Work instructions >> Copy the records below line by line and word for word, from the very first line through the line with "LINGPAR汽车遮阳前挡 钛银加厚0透光 车内降温神器", omitting each picture.

Data records >>
-- Opening Marker --
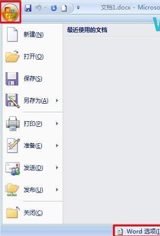 当前文档中的度量单位是字符。单击【office】按钮,在弹出的下拉列表中单击【Word选项】。
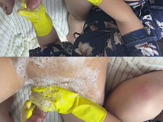 Hot housewife washes my cock while cleaning
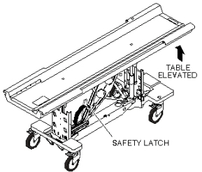 - Raise patient transport table with UP foot pedal (3 or 4 pumps)
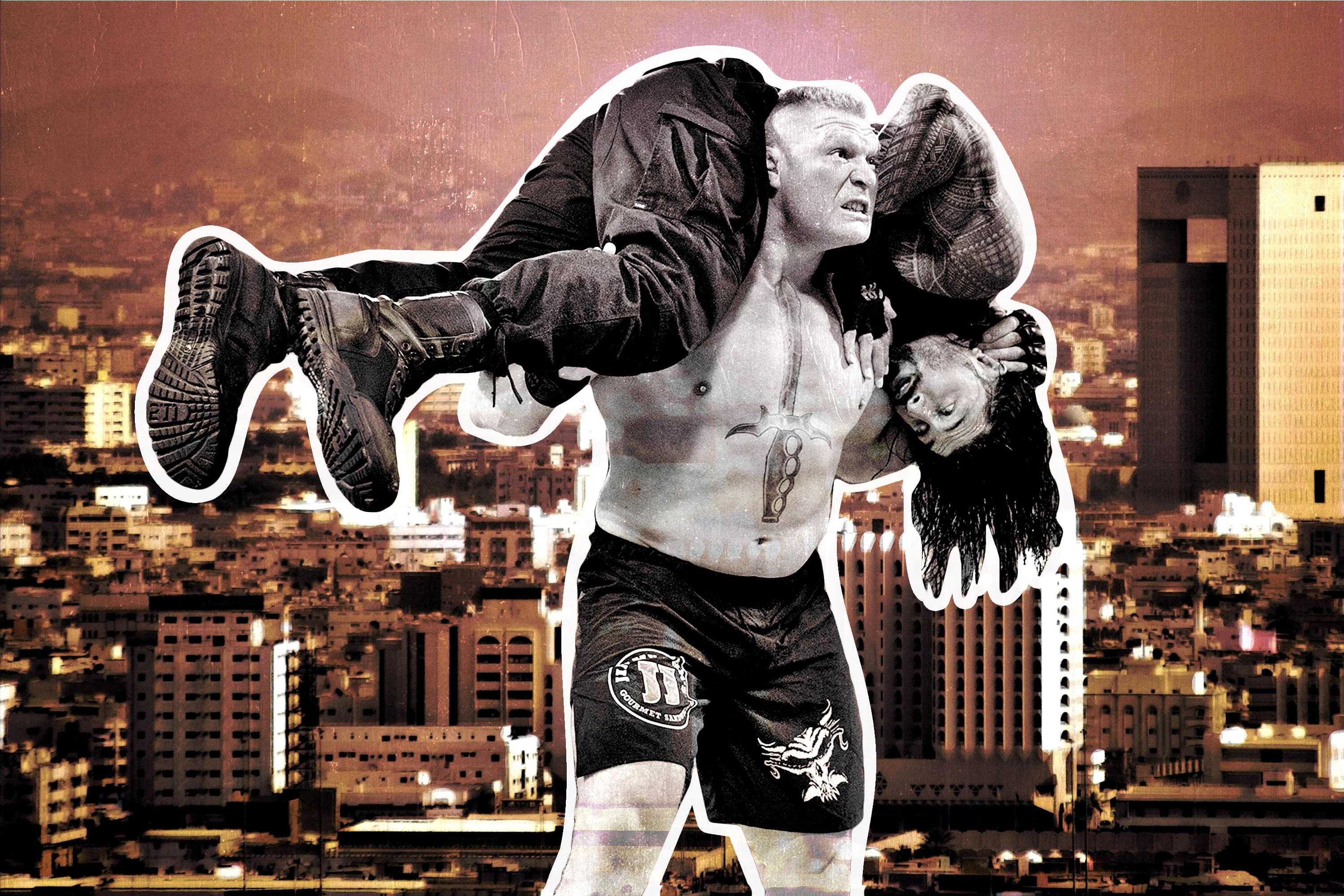 It has all the trappings of a Tribute to the Troops–style exhibition — talent-packed gimmick matches (the titular 50-superstar main event), crowd-pleasing one-offs (John Cena vs. Triple H), a through line of conquering Americanness — but with even fewer women in action (read: none). Though any unease about staging this spectacle in a country that openly shuns females (let alone so close to the fallout from the Fabulous Moolah controversy) for a reported boatload of money seems to have been largely smothered by hype for two bona fide blockbuster WrestleMania reruns (Brock Lesnar vs. Roman Reigns, AJ Styles vs. Shinsuke Nakamura).
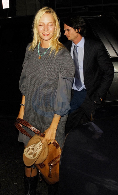 Uma Thurman wychodzi z restauracji i idzie na nastepna impreze, Londynn
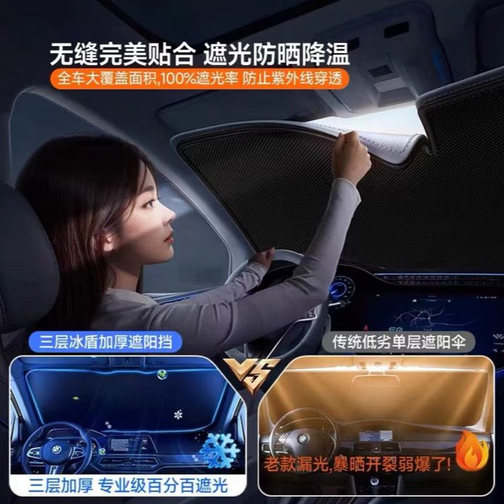 LINGPAR汽车遮阳前挡 钛银加厚0透光 车内降温神器
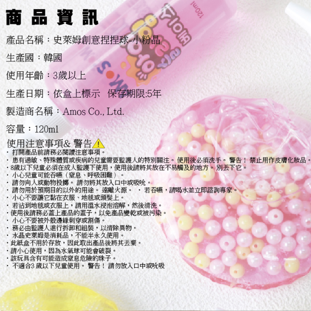 產品名稱:史萊姆創意捏捏球-小粉晶☆容物:1個捏捏球體+1個透明注入管+120ML透明史萊姆膠+水晶體生產國:韓國使用年齡:3歲以上生產日期:依盒上標示 保存期限:5年製造商名稱:AmosCo.,Ltd.容量:120mlBSMI商品檢驗標識字號: 標檢局印製 UC2 8147601~8149088使用注意事項&警告打開產品前請務必閱讀注意事項。·患有過敏、特殊體質或疾病的兒意需要監農人的特別關注。使用後必須洗手。·8歲以下兒童必須在成人監護下使用,使用後請將其放在不易觸及的地方。·小心兒童可能吞嚥(窒息、呼吸困難)。·請勿向人或動物投擲。請勿將其放入口中或吸吮。·請勿用於預期目的以外的用途。遠離火源··若吞嚥,請喝水並立即專家。·小心不要讓它黏在衣服、地毯或頭髮上。·若沾到地毯或衣服上,請用溫水浸泡溶解,然後清洗。·使用後請業務必蓋上產品的蓋子,以免產品變乾或被污染。·小心不要被外殼邊邊緣刺穿或割傷。·務必由監護人進行拆卸和組裝,以清除異物。·水晶史萊姆是消耗品,不能半永久使用。·此只盒不用於不存放,因此取出產品后將其丟棄。·請小心使用,因為水氣球可能會破裂。·該玩具含有可能造成窒息危險的珠子。·不適合3歲以下兒童童使用。
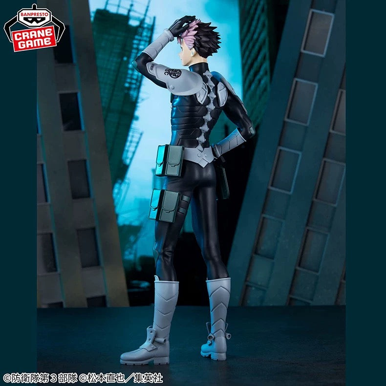 This bold kaiju no 8 figure shows Gen Narumi standing with calm power. The face sculpt is sharp and the suit lines are clean, giving a strong display look.
-- Closing Marker --
Exercise answer >>
 当前文档中的度量单位是字符。单击【office】按钮,在弹出的下拉列表中单击【Word选项】。
 Hot housewife washes my cock while cleaning
 - Raise patient transport table with UP foot pedal (3 or 4 pumps)
 It has all the trappings of a Tribute to the Troops–style exhibition — talent-packed gimmick matches (the titular 50-superstar main event), crowd-pleasing one-offs (John Cena vs. Triple H), a through line of conquering Americanness — but with even fewer women in action (read: none). Though any unease about staging this spectacle in a country that openly shuns females (let alone so close to the fallout from the Fabulous Moolah controversy) for a reported boatload of money seems to have been largely smothered by hype for two bona fide blockbuster WrestleMania reruns (Brock Lesnar vs. Roman Reigns, AJ Styles vs. Shinsuke Nakamura).
 Uma Thurman wychodzi z restauracji i idzie na nastepna impreze, Londynn
 LINGPAR汽车遮阳前挡 钛银加厚0透光 车内降温神器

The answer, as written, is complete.